Dir-se-ia que, no espaço de uma semana, o País acordou para um “admirável” Mundo Novo. Parece que a nossa entrada no euro e a consequente eliminação dos riscos cambial e inflacionista criou um mundo de facilidades no acesso ao crédito que sustentou um ilusório aumento de riqueza. Parece que o sector transaccionável da nossa economia tem vindo a perder competitividade. Parece que o nosso tecido produtivo não conseguiu responder ao aumento de procura interna, que consumimos mais do que produzimos, e que temos vindo a acumular défice e endividamento externo. Parece, pois. Mas o que verdadeiramente parece extraordinário é que tudo isto soe a uma súbita revelação. Porque tudo isto, desde há vários anos, tem vindo a ser dito, escrito, gritado, por muitos dos mais respeitados e insuspeitos economistas do nosso país.
Como se justifica então a surpresa? Como se justifica que, estando o diagnóstico feito há tanto tempo, sendo previsível o desfecho a que agora assistimos, tenhamos continuado a caminhar alegremente para o abismo? Julgo que a questão, mais do que para o campo económico, nos remete para o domínio da política. E remete-nos em particular para as limitações (heresia! heresia!) da própria Democracia. Porque a verdade é que a política económica que temos seguido nos últimos dez anos, e que conduziu ao desastre que agora se “descobre”, foi sucessivamente sufragada pelo eleitorado. Por um eleitorado inebriado, é certo, pela ilusão de uma riqueza fácil. Mas a verdade é que, apesar de todos os avisos e até de algumas propostas políticas, fomos nós que escolhemos ficar surdos, fomos nós que optámos por “calar” os profetas da desgraça, fomos nós que escolhemos ser embalados pela ficção das facilidades que nunca existiram. Fomos nós, em suma, que fomos premiando todos quantos, nos últimos dez anos, nos prometeram aquilo que queríamos ouvir.

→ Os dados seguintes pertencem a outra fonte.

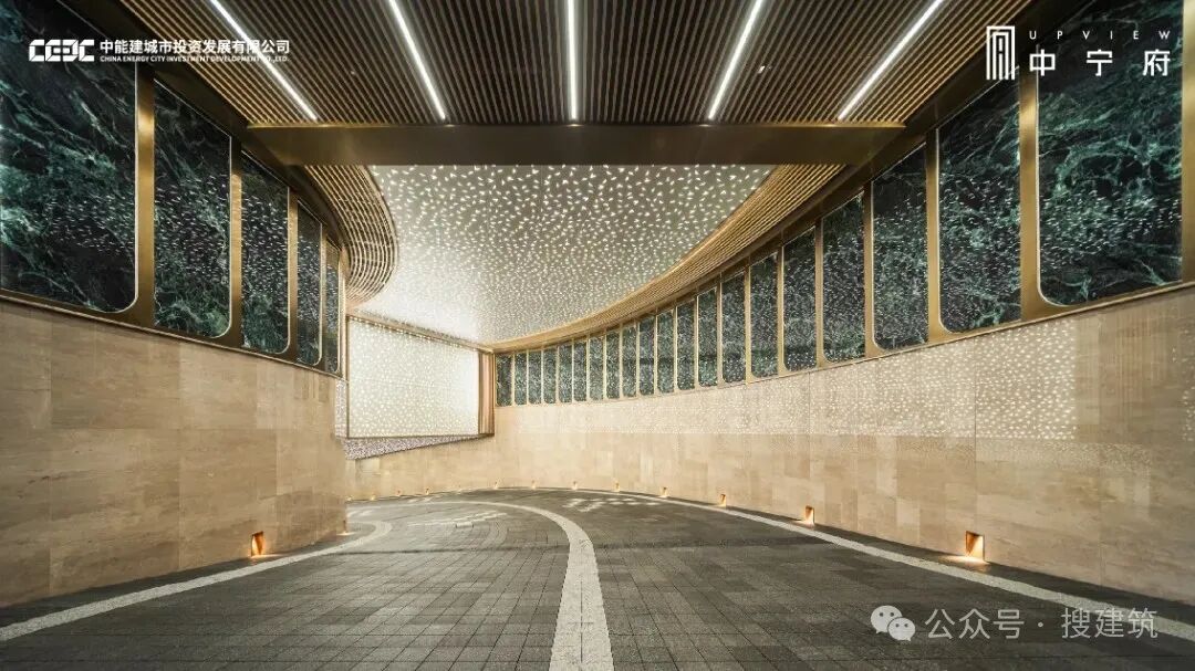 南京能建城发·中宁府地库入口,与小区大门同高,留出了足够的顶部空间。坡道入口采用亮眼的prada绿奢石,配上星光顶和格栅,线性灯光点缀,很是吸睛。

Dir-se-á que a Democracia é isto mesmo e que, a prazo, o sistema se auto-regula porque tem uma dimensão de auto-aprendizagem implícita na medida em que acabamos sempre por pagar o preço das nossas decisões. E é bem verdade. Mas o drama é que a história não acaba aqui. E pode bem acontecer mesmo que nem venhamos a ser nós, que sufragámos a política económica dos últimos anos, os principais prejudicados pelos erros de julgamento político que fomos cometendo. Pela simples razão de que a política seguida tem profundos impactos multigeracionais (e mais terá se o eng.º Sócrates persistir na sua perigosa fixação nas obras públicas) e muito do bem-estar de que desfrutámos nos últimos anos vai ser pago com pesados juros, não por nós, mas pelos nossos filhos. Que não foram chamados a decidir coisa nenhuma e muito menos beneficiaram da nossa ilusória riqueza.
Ora, para este problema, diga-se o que se disser, a Democracia não tem nenhuma resposta óbvia. E se é verdade que permanece o melhor de todos os sistemas políticos, não é menos verdade que o defenderemos tanto melhor quanto melhor soubermos conhecer as suas limitações.